**DATA BELOW**
# # # # #
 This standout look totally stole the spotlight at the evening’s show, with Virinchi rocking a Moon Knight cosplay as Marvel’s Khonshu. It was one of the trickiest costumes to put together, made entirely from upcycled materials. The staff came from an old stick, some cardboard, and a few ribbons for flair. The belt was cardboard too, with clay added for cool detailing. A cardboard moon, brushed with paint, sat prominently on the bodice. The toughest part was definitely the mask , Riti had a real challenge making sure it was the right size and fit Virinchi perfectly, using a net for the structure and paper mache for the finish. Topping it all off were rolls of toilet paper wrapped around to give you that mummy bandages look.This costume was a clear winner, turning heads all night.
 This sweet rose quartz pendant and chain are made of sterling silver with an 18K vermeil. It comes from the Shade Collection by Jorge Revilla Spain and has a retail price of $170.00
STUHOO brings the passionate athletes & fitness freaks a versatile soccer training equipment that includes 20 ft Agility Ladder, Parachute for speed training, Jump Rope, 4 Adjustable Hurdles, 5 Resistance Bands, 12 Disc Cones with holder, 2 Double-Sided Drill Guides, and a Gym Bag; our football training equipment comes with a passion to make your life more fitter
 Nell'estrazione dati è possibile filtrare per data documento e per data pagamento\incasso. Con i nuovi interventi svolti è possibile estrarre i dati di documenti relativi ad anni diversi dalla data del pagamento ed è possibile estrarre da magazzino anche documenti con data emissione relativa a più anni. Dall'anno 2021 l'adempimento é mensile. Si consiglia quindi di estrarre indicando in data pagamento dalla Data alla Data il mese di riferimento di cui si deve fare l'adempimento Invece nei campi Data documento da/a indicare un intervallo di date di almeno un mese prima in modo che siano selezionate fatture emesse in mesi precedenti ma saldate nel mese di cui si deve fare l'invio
# # # # #
**PROBLEM**
Copy out only the lines above from the one with "This sweet rose" to the one with "STUHOO brings the", inclusive, exactly as they stand.

**RESPONSE TO THIS TASK**
 This sweet rose quartz pendant and chain are made of sterling silver with an 18K vermeil. It comes from the Shade Collection by Jorge Revilla Spain and has a retail price of $170.00
STUHOO brings the passionate athletes & fitness freaks a versatile soccer training equipment that includes 20 ft Agility Ladder, Parachute for speed training, Jump Rope, 4 Adjustable Hurdles, 5 Resistance Bands, 12 Disc Cones with holder, 2 Double-Sided Drill Guides, and a Gym Bag; our football training equipment comes with a passion to make your life more fitter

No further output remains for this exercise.